• **What needs to be done**
Once you find the line below that has "Figura 8 – Procura", output it and every line after it exactly, stopping after the line that has "선생님의 '열매 찾기", with no pictures.

*** Records for this exercise Section Begins ***

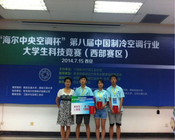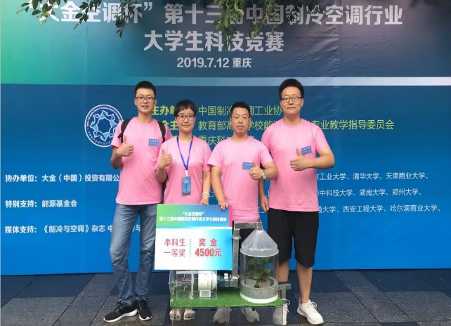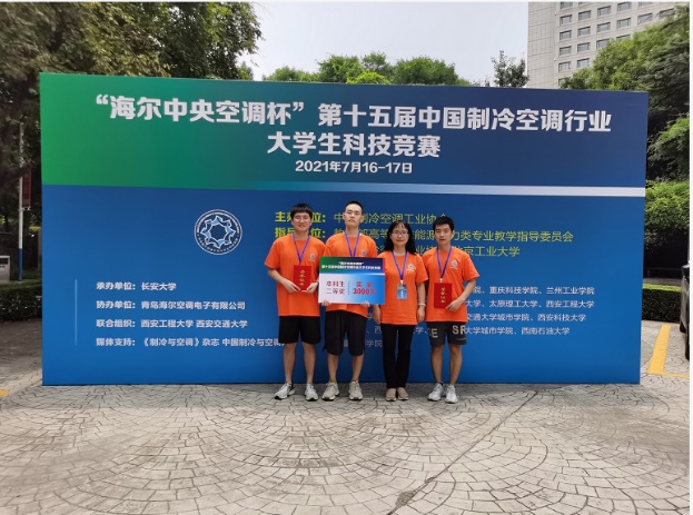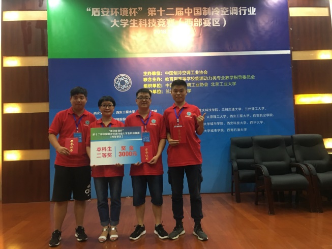 我校学生近三年参加“中国制冷空调行业大学生科技竞赛”获奖情况如下:2021年荣获国家 “二等奖”;2020年荣获国家 “三等奖”;2019年荣获国家 “一等奖”。
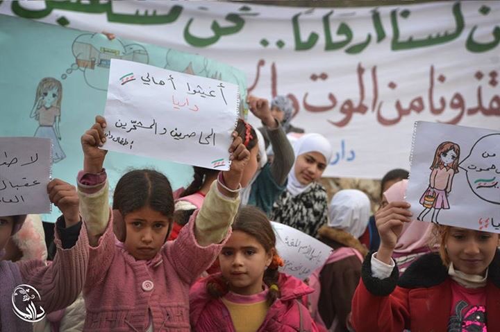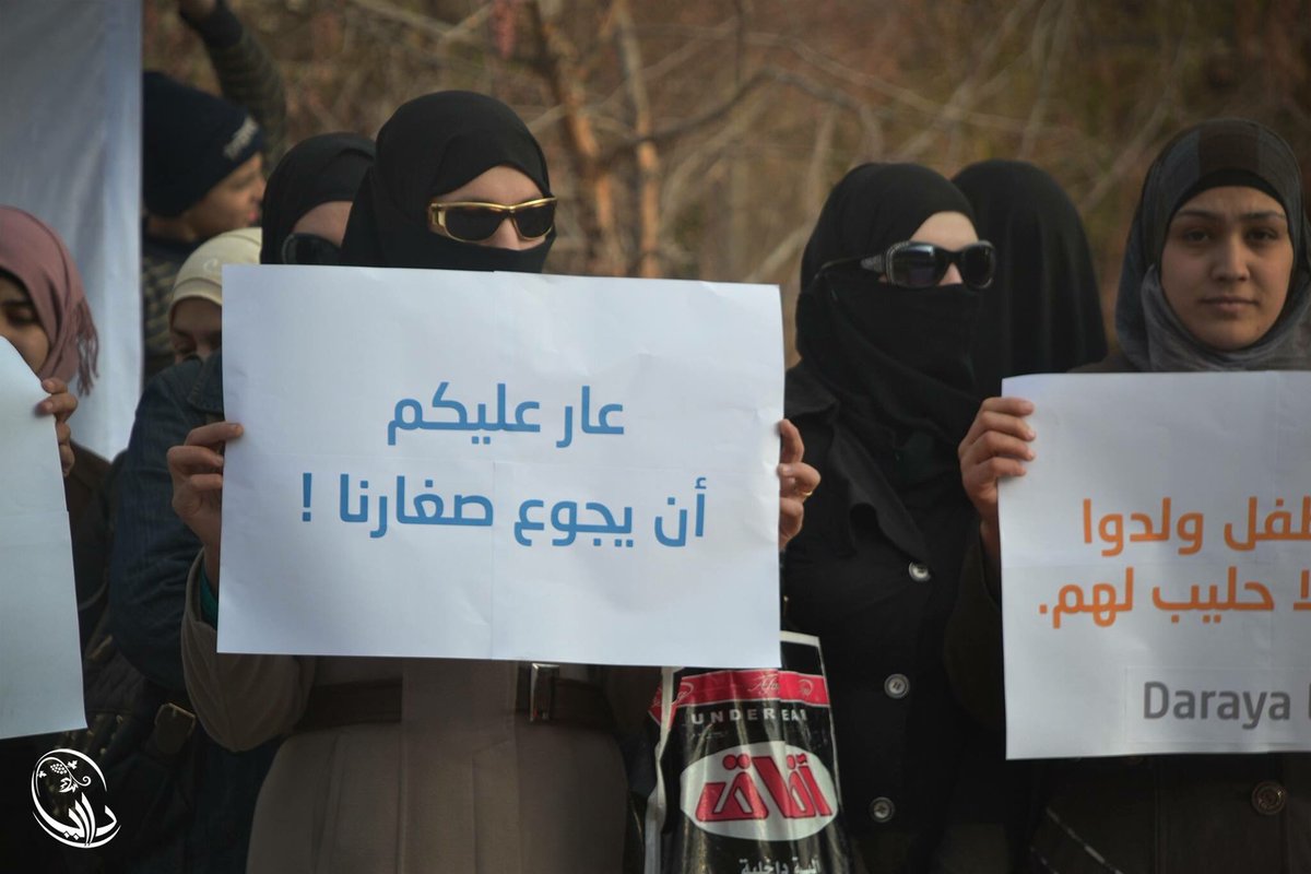تداول العديد من رواد مواقع التواصل الاجتماعي، صورا لعشرات من النساء والأطفال الذين خرجوا في اعتصام للمطالبة بفك الحصار عن مدينتهم، ووقف القصف اليومي الذي يهدد حياتهم، ونشر الحساب الرسمي للمدينة على موقع التواصل الاجتماعي “تويتر”، العديد من صور الاعتصام.
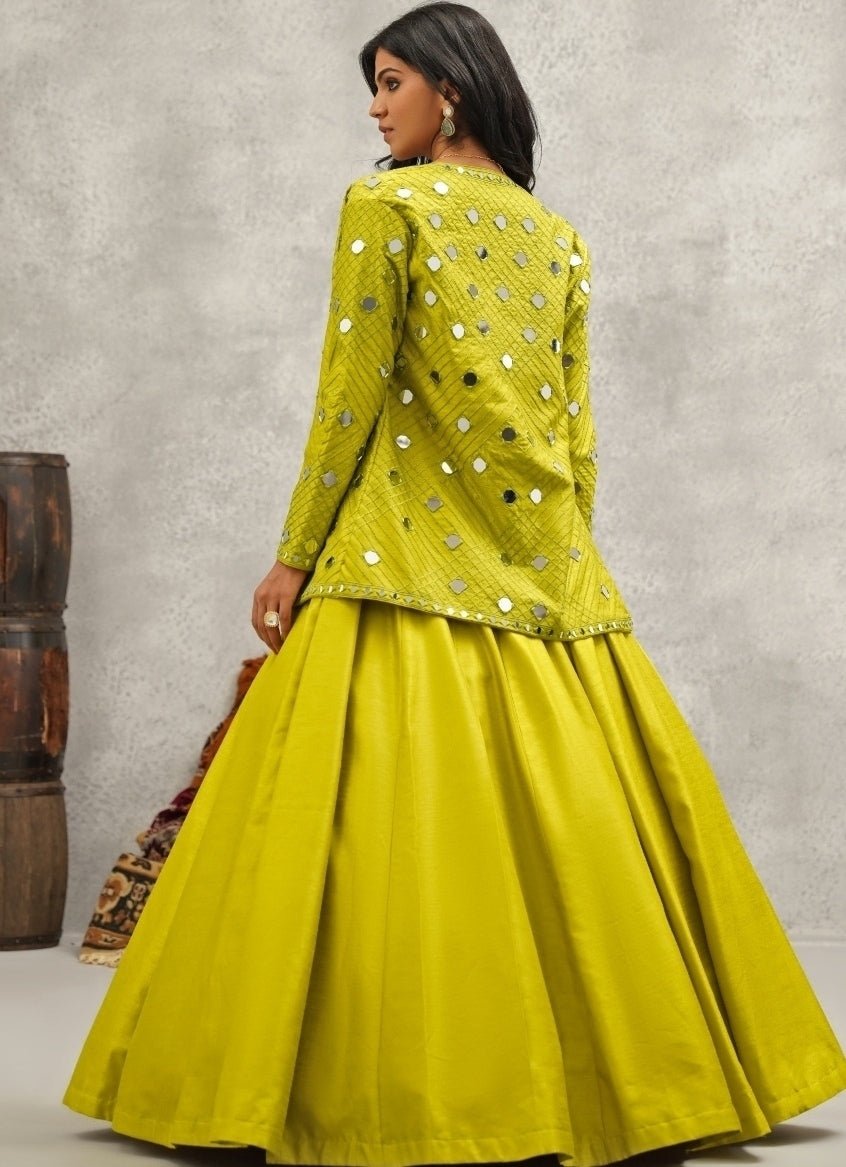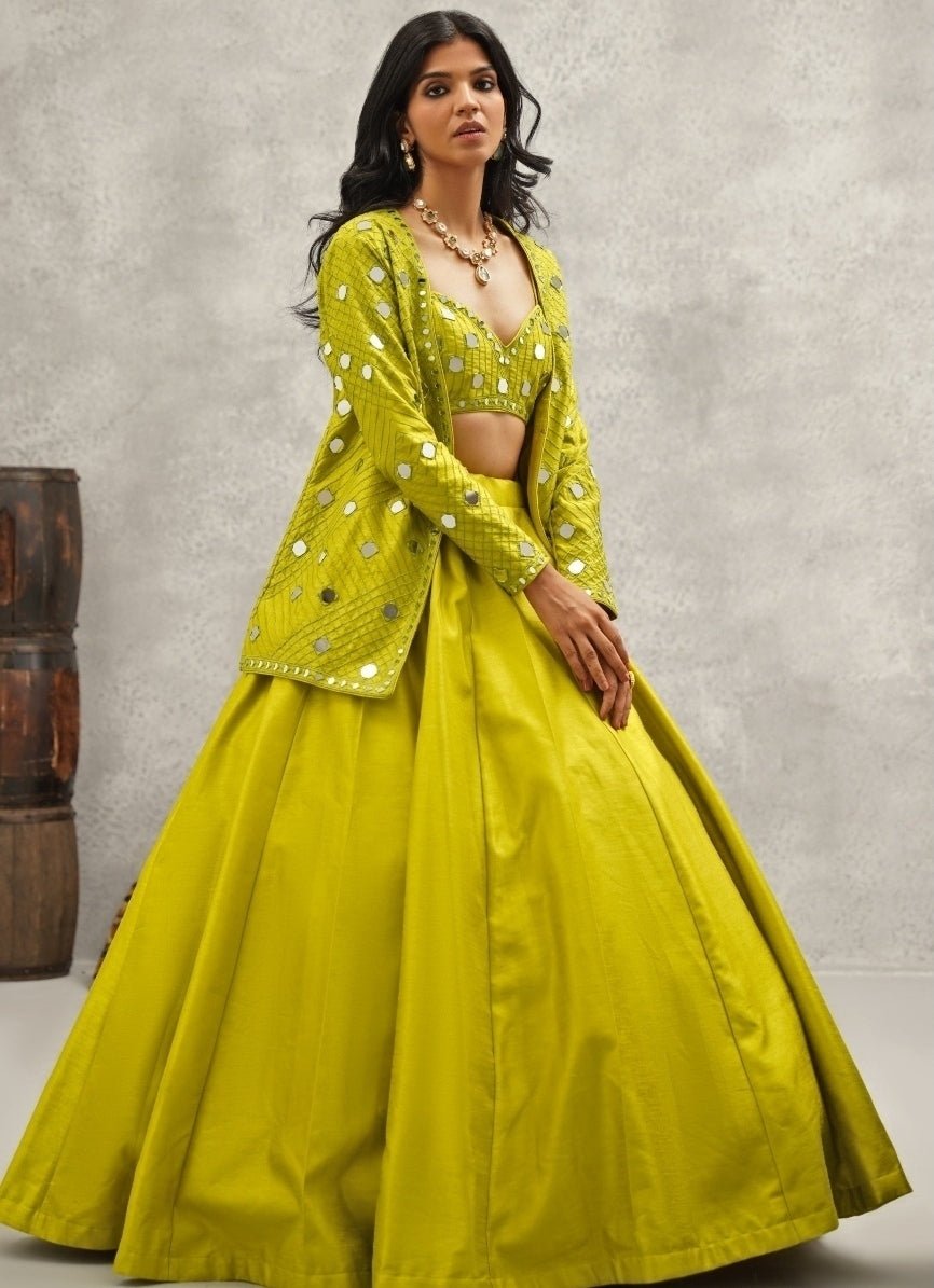 Curate colour-perfect harmony with a fresh Lime Green Jacket Lehenga Set, made for joyful moments. The dupion silk lehenga feels light yet luxurious, bringing ease and polish to daytime celebrations. It is styled with a matching silk blouse highlighted with mirror and resham embroidery, adding festive sparkle. A coordinating dupion silk jacket with detailed embroidery elevates the look with modern elegance. Perfect Lehenga for Bridesmaid for Mehendi and Haldi Ceremony.
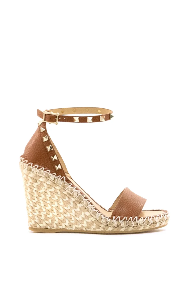 Sandali Zeppa Rockstud in pelle martellata color marrone Composizione: pelle. Altezza tacco: 100 mm. MADE IN ITALY.
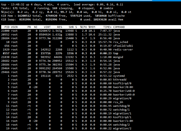 - 第二行:进程总数(total) + 正在运行进程数(running) + 睡眠进程数(sleeping) + 停止的进程数(stopped)+ 僵尸进程数(zombie)
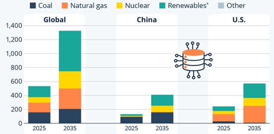Figura 8 – Procura de energia por Data Centers, por fonte de energia (em TWh)
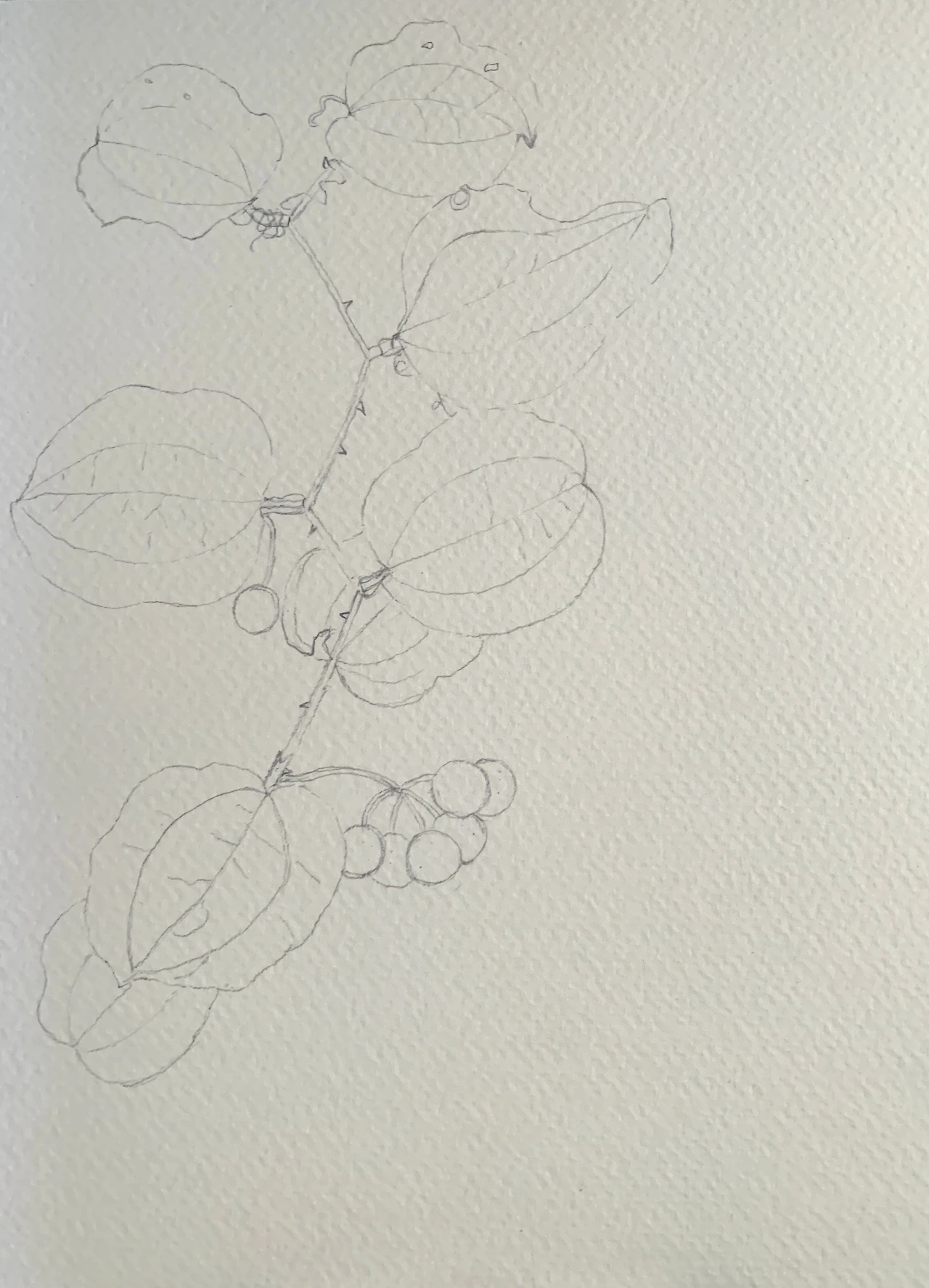 선생님의 '열매 찾기 나섬'이 없었다면 청미래덩굴의 반전 매력인 가시 없이 그릴 뻔했다. 질문도 생겼다. 내가 본 청미래는 왜 열매가 없었지. 엄마가 식물에도 암, 수가 있다고 말했던 게 생각났다. 흘려 들었는데 이 순간 딱 맞아떨어지는 느낌. 진짜였다.
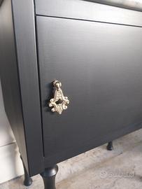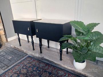 💫Pezzi unici 📍 Monterotondo (Roma nord) 🚚 Ritiro a carico dell’acquirente 🏷Elegante coppia di comodini vintage restaurati in nero profondo opaco con top in vero marmo bianco venato. 💫Pomelli originali in ottone lucidati Il contrasto tra il marmo e il colore nero crea un effetto raffinato e contemporaneo, perfetti sia in ambienti moderni che classici. 🔎 Piccolo segno su uno dei top (visibile in ultima foto)
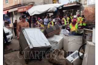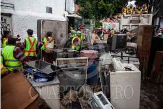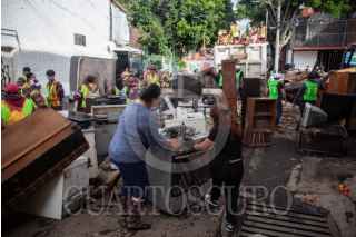 CIUDAD DE MÉXICO, 20JULIO2025.– Vecinos apoyan en el desalojo de viviendas dañadas por las lluvias de ayer en la calle Hortencia, alcaldía Magdalena Contreras. FOTO: ANDREA MURCIA/CUARTOSCURO.COM
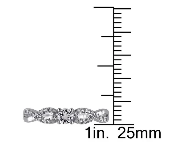 1/4 Carat (ctw) Lab-Created White Sapphire Infinity Ring with Diamonds in Sterling Silver Make your romantic attentions known with this shimmering created sapphire and diamond promise ring. Featuring a brilliant white round-cut created sapphire nestled between two swirling infinity loops, this wedding ring signifies your lasting commitment to love. Sparkling round-cut diamonds complete this piece, bringing added sparkle and shimmer to the band. Beautifully crafted in 0.925 sterling silver with a Polished Finish Stone Type: Sapphire; Color: White; 0.23 CTW; Quantity: 1; Brilliant Cut; Round Shape; Lab Created; Prong Setting Stone Type: Diamond; Color: G-H; Clarity: I2-I3; 0.08 CTW; Quantity: 20; Brilliant Cut; Round Shape; Dimensions: 3.5x3.5 mm; Natural; 4-Prong Setting Sapphire Gemstone is the Birthstone for the Month of September This Diamond Ring is the perfect gift for any birthday, anniversary, holidays, thank you, thinking of you, or for any reason at all SKU: 68DLG1000978CWS-P
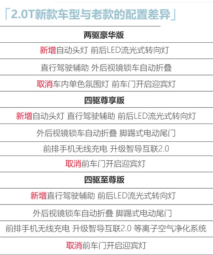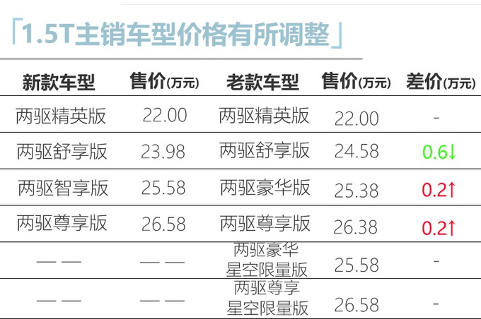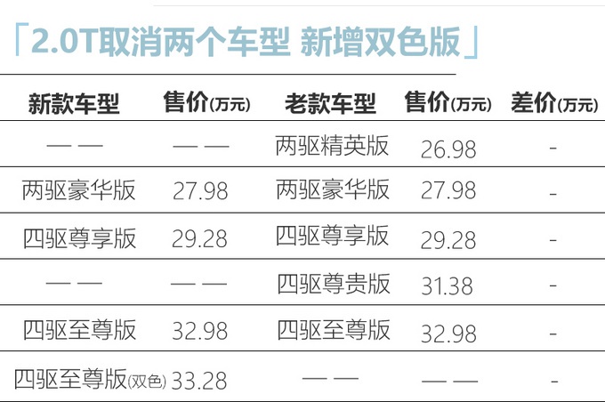 车型名称售价(万元)240TURBO CVT两驱精英版22.00240TURBO CVT两驱舒享版23.98240TURBO CVT两驱智享版25.58240TURBO CVT两驱尊享版26.58370TURBO 9AT两驱豪华版27.98370TURBO 9AT四驱尊享版29.28370TURBO 9AT四驱至尊版32.98370TURBO 9AT四驱双色至尊版33.28制表:网上车市 www.cheshi.com
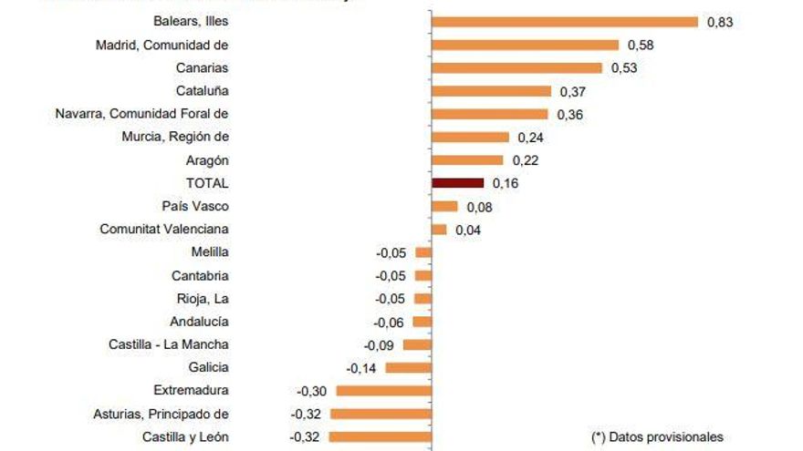 En cuanto a la estadística de población, durante el primer semestre de 2018 la población creció en nueve comunidades autónomas y se redujo en las ocho restantes. Los mayores incrementos en términos relativos, aunque muy bajos, se dieron en Illes Balears (0,83%), Comunidad de Madrid (0,58%) y Canarias (0,53%). En el otro extremo, los descensos de población más acusados se dieron en la ciudad autónoma de Ceuta (-0,35%) y en Castilla y León y Principado de Asturias (-0,32% ambas). La bajada de población en Castilla-La Mancha fue del 0,09%.
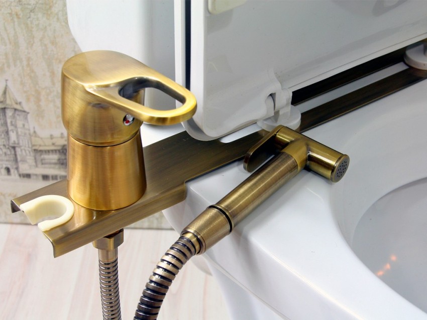 Anda juga boleh membeli lampiran tandas tandas, yang terdapat dalam bentuk muncung semburan dan pancuran mini. Pakej ini merangkumi selang, pengadun, panel logam, kepala pancuran atau muncung penarik. Pancuran diaktifkan dengan menghidupkan pengadun dan memindahkannya ke kedudukan yang sesuai. Muncung didorong oleh tekanan. Mereka mula-mula memanjang dan kemudian air dibekalkan melalui muncung. Setelah menutup paip, muncung tersembunyi di tempatnya.
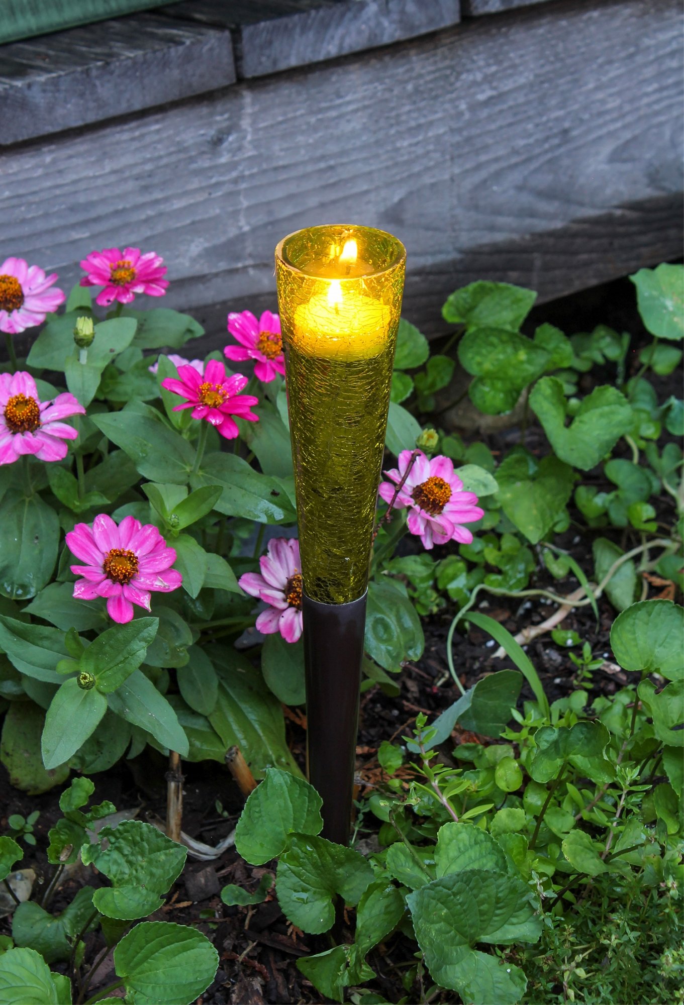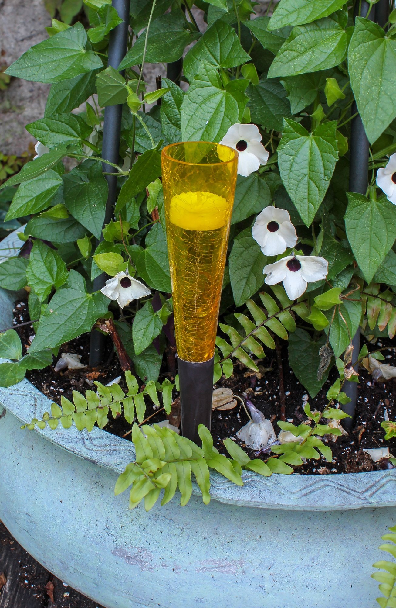 The crackled glass of the Sparkle Cones brings a festive colorful twinkle to your garden or patio party. Cones hold LED or traditional tea lights. Metal portion can be spiked directly into beds or planters and also make a lovely addition to window boxes and container gardens, table centerpieces and event arrangements. Available in six brilliant colors and sold in sets of six of one color, or a multi-color set containing one of each.

*** Records for this exercise Section Ends ***

• **Result**
Figura 8 – Procura de energia por Data Centers, por fonte de energia (em TWh)
 선생님의 '열매 찾기 나섬'이 없었다면 청미래덩굴의 반전 매력인 가시 없이 그릴 뻔했다. 질문도 생겼다. 내가 본 청미래는 왜 열매가 없었지. 엄마가 식물에도 암, 수가 있다고 말했던 게 생각났다. 흘려 들었는데 이 순간 딱 맞아떨어지는 느낌. 진짜였다.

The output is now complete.